Prime sequence {$p_n$} In analytic number theory, Dirichlet theorem says that all of the sequence(exactly progress) $p_n=an+b$ of which $a$ and $b$ are relatively prime for each other contains infinitely many primes . For example, there are infinitely many primes of the form $4n+1$ as explicit formula. (This theorem does not mean that all of the terms for sequence are primes)
So then I though the sequence that is given as recurrence relation, like that $p_{n+1}$=$2p_n+1$. If a initial term of sequence is $p_1=2$, then it would be listed as $2   ,5  , 11   ,23 ,  47   ,95 ,  191 ... $
Now, here are two questions in general case.

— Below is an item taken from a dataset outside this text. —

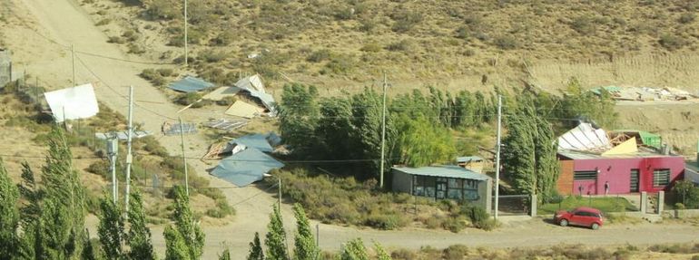 La guardia municipal de Defensa Civil concurrió pasadas las 19 a atender las consecuencias de las dos casas prefabricadas que se llevó el viento. Las mismas habían sido recientemente colocadas en un loteo del barrio El Atardecer, en el suroeste de la ciudad. Los vecinos alertaron primero que se habían volado ambos techos, pero las fuertes ráfagas derribaron las construcciones completas.

For given positive integers $a$, $b$, let's consider the progress(or sequence) $ap_n+b=p_{n+1}$ as recurrence relation
$1.$ How many primes are there in this sequence under some condition ?
$2.$ What is a condition?
$3.$ Is there any sequence {p_n} that contains only primes?
I did try to solve the previous two questions with Dirichlet theorem. If a sequence is given as recurrence relation has an explicit formula, then Dirichlet theorem would solve it. And we can consider some condition.

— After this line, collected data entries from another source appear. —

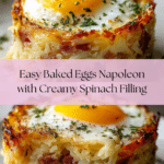 Baked Eggs Napoleon is an elegant and easy brunch recipe featuring buttery puff pastry shells filled with a creamy spinach mixture, topped with a perfectly baked egg. The pastry’s golden edges combined with luscious spinach filling and rich eggs create a sophisticated dish that’s both flavorful and comforting.
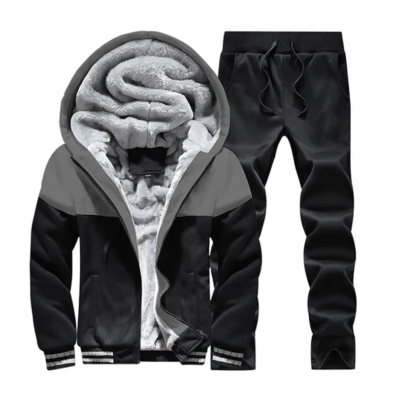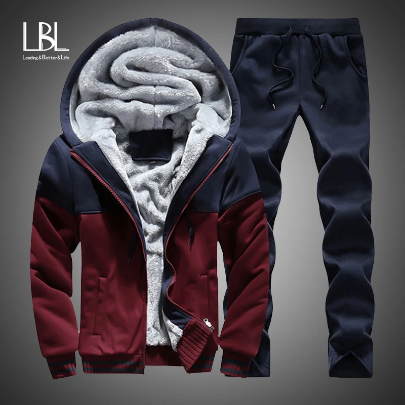 Плотные мужские теплые комплекты 2022, модный спортивный костюм, Лоскутная толстовка на молнии с капюшоном + спортивные штаны, мужские комплекты из 2 предметов, тонкий спортивный костюм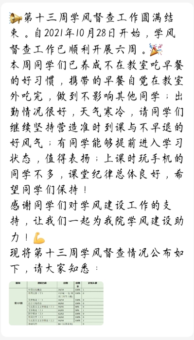 在诸位督查员的辛勤付出与学院同学们的积极配合之下,学风督查工作取得一定成果,早退、缺勤等不良现象得到明显改善,课堂纪律良好,营造了积极向上的学习风气。希望同学们继续专心听讲,查缺补漏,充分利用大学时光提升自己,在大学课堂上留下自己努力的身影和奋斗的痕迹!

The 3rd question, If yes, both $a$ and $b$ are even or odd in the same time for $ap_n+b=p_{n+1}$ 
If both $a$ and $b$ are even, {$p_n$} would contain at least 2 even number.
If both $a$ and $b$ are odd, then there would be term $p_n$ as even for $n \geq2$
These are contradictions that $p_n$ is odd for $n \geq2$
Next, How should i consider? Any opinions?

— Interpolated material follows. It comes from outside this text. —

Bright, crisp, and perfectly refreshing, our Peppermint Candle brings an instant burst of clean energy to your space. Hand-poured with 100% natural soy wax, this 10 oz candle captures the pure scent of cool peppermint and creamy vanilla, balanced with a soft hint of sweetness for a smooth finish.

 A: Well for one thing, a sequence satisfying $x_n = ax_{n-1} + b$ have closed forms of the form $c_1a^n + c_2$ for some constants $c_1$ and $c_2$.  For example, your sequence $2,5,11, \dots$ has closed form $3\cdot2^n-1$.
One thing that is clear from this is that modulo any prime the sequence is periodic, in particular this implies the answer to question 3 is no (just pick some prime dividing some entry of the sequence and look modulo that).
Now there are some obvious obstructions to a sequence of this form taking a prime value:  If $c_2$ has a common factor with $c_1$ or $a$, or if $c_1 = -c_2 = 1$ then $a^n-1$ factors as a polynomial in $a$ for all $n$, and it will never (other than maybe a few small values of $n$) be prime.
Now if we throw out sequences with these obvious obstructions it is expected (based on probabilistic hueristics) that for general values of $c_1, c_2$ and $a$ there should be infinitely many prime entries of such a sequence. However to my knowledge there is no specific such sequence that has been proven to exhibit this generic behavior.
Pinning down this "generic" behavior tricky business though, for example the your sequence $3\cdot 2^n-1$ looks like it's probably "generic" but the sequence given by $2^n+1$ almost certainly has only finitely many primes (such primes are called Fermat primes, and proving there are only finitely many is a famous open problem).